Restrictive and Malabsorptive Procedures a Last Option

© Chris Christian

Jun 18, 2007
Find a good doctor, Simon Valentine
Today people are opting for surgical procedures to help loss weight and fight diseases such as diabetes, cardiovascular disease, hypertension and orthopedic problems.

There are people who believe they have exhausted ever options short of surgery for weight loss and failed. Surgery is in fact the last resort when all else does fails. But be warned it can be risky and is generally reserved for those who are morbidly obese or facing serious health consequences such as diabetes, cardiovascular disease, hypertension, orthopedic problems, gallbladder disease, and/or sleep apnea. I say "generally reserved for" because more and more overweight Americans are opting for surgery.

As more and more Americans are choosing weight loss surgery to combat the battle against the bulge, I think it is important to know as much about the procedure as possible before you go under the knife. Although surgery for weight loss has been around for years it has only been the last few years that doctors have decided to track the long-term results systematically.

Procedures

There are generally two types of procedures used for weight loss surgery: 1) restrictive procedures, which include gastric banding, gastric bypass, and vertical banded gastroplasty and 2) malabsorptive procedures, such as the biliopancreatic diversion and the Roux-en-Y gastric bypass (RGB). The first, restrictive procedures, limit the amount of food the stomach can hold or a part of the stomach is removed (ouch)! The second group of procedures limit the amount of calories the body can absorb by bypassing part of the intestines.

After surgery

Once an individual has a weight loss procedure, if the desired results are to be realized and maintained their lifestyle must change. These changes will include a restrictive diet, eating smaller meals frequently, thoroughly chewing food, possibly taking supplements (especially if you had a malabsorptive procedure) and of course you’ll still need to exercise to keep the weight off. So the procedure is not a cure all guarantee, you still have to make a serious commitment.

Benefits

Generally patients will lose weight for 18 to 24 months after surgery and maintain most of their weight loss. Although it is common to regain some weight most maintain an average of 90 pounds lost. Weight related diseases improve drastically after weight loss begins. Patients have more self-confidence, self-esteem and are less depressed.

Concerns

The standards for weight loss surgery by a doctor are currently not well established, any doctor with a medical license and access to an operating room can perform this surgery. It is therefore essential that you seek out a doctor with experience and a track record for performing this type of surgery successfully.
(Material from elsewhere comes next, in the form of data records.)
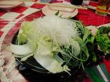 テーブルに運ばれてくるのは、液体が入って炭火でガンガンに熱くなっている鍋と、野菜と肉 (今回は豚肉とその内臓)。 しゃぶしゃぶである。ただ、タイスキではない。こちらはタイ(というか、ラオス)の昔からあった鍋料理である。 正に煮込み!! という感じで、ルールはなし。とにかく材料を鍋に放り込んで、火が通ったらアツアツを食べるそれだけである。 野菜には、白菜やパッブン(空芯菜)、ビーフン、ホーラパー(バジルの一種)が使われていて、これがまた美味しい。 ホーラパーは独特の香りがあるが、この香りが肉の嫌な臭みを消し去ってくれて、また健康にもよさそうでGOODな料理である。 (9月17日) |
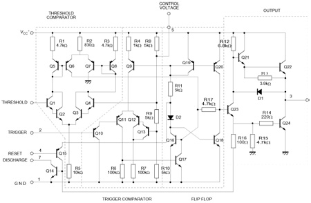The NE555, SA555, and SE555 monolithic timing circuits are highly stable controllers capable of producing accurate time delays or oscillation. In the time delay mode of operation, the time is precisely controlled by one external resistor and capacitor. For a stable operation as an oscillator, the free running frequency and the duty cycle are both accurately controlled with two external resistors and one capacitor.
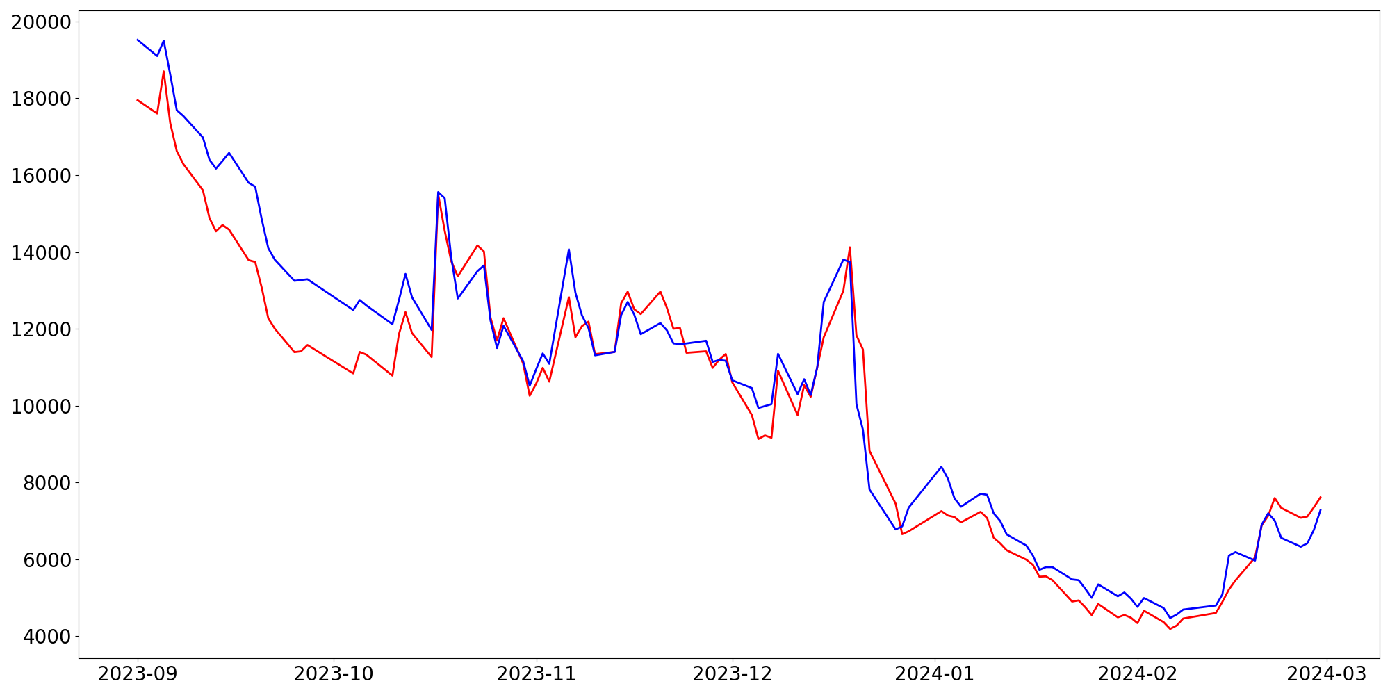 [ - : 실제값(종가) / - : 예측값(종가) ]
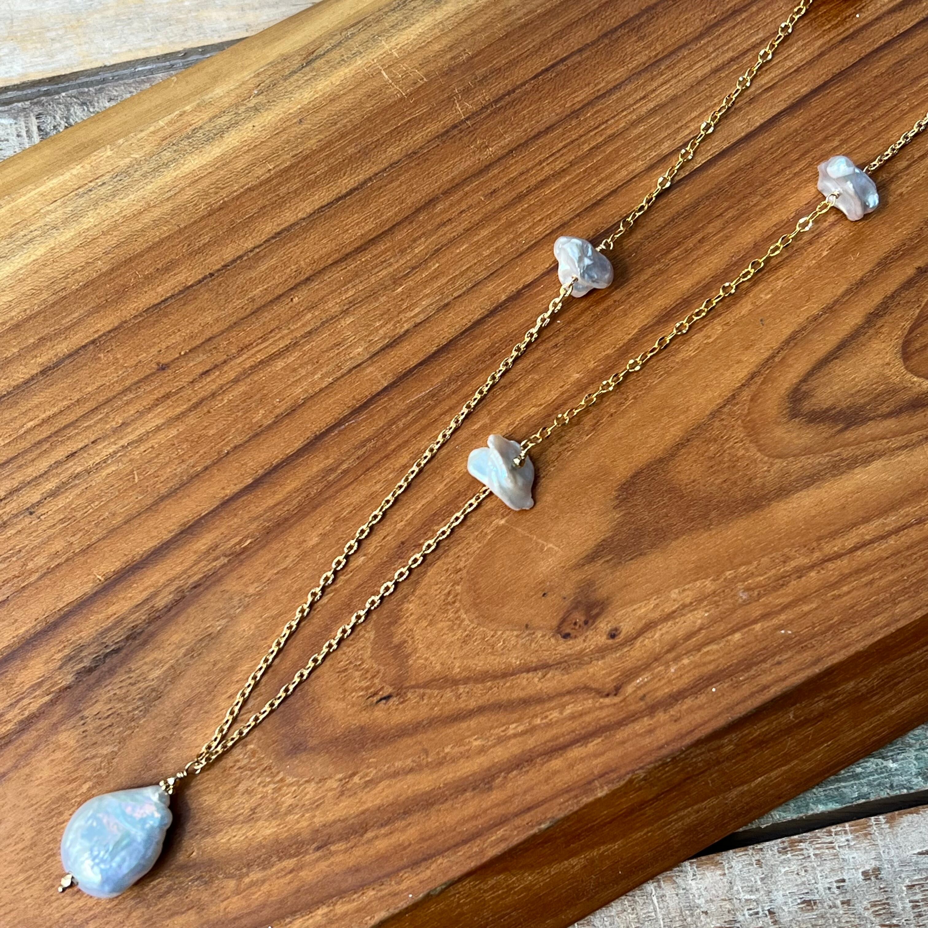大粒のバロックパールと不揃いな形が可愛いケシパールを織り交ぜて作成したセミロングネックレスです。

Risk can include bleeding, infections, bowel obstruction and respiratory problems. Patient can develop nutritional deficiencies (can be eliminated with balanced diet and supplementation), gallstones and corrective surgery for complications.

If you are considering weight loss surgery make sure to do through research on the procedures, doctors and maintenance necessary for a successful outcome. You’ll also want to interview doctors to ensure that they are qualified to perform the procedure. Remember this is a serious process, don’t leave anything to chance.


The copyright of the article Surgery for Weight Loss in Fitness is owned by Chris Christian. Permission to republish Surgery for Weight Loss in print or online must be granted by the author in writing.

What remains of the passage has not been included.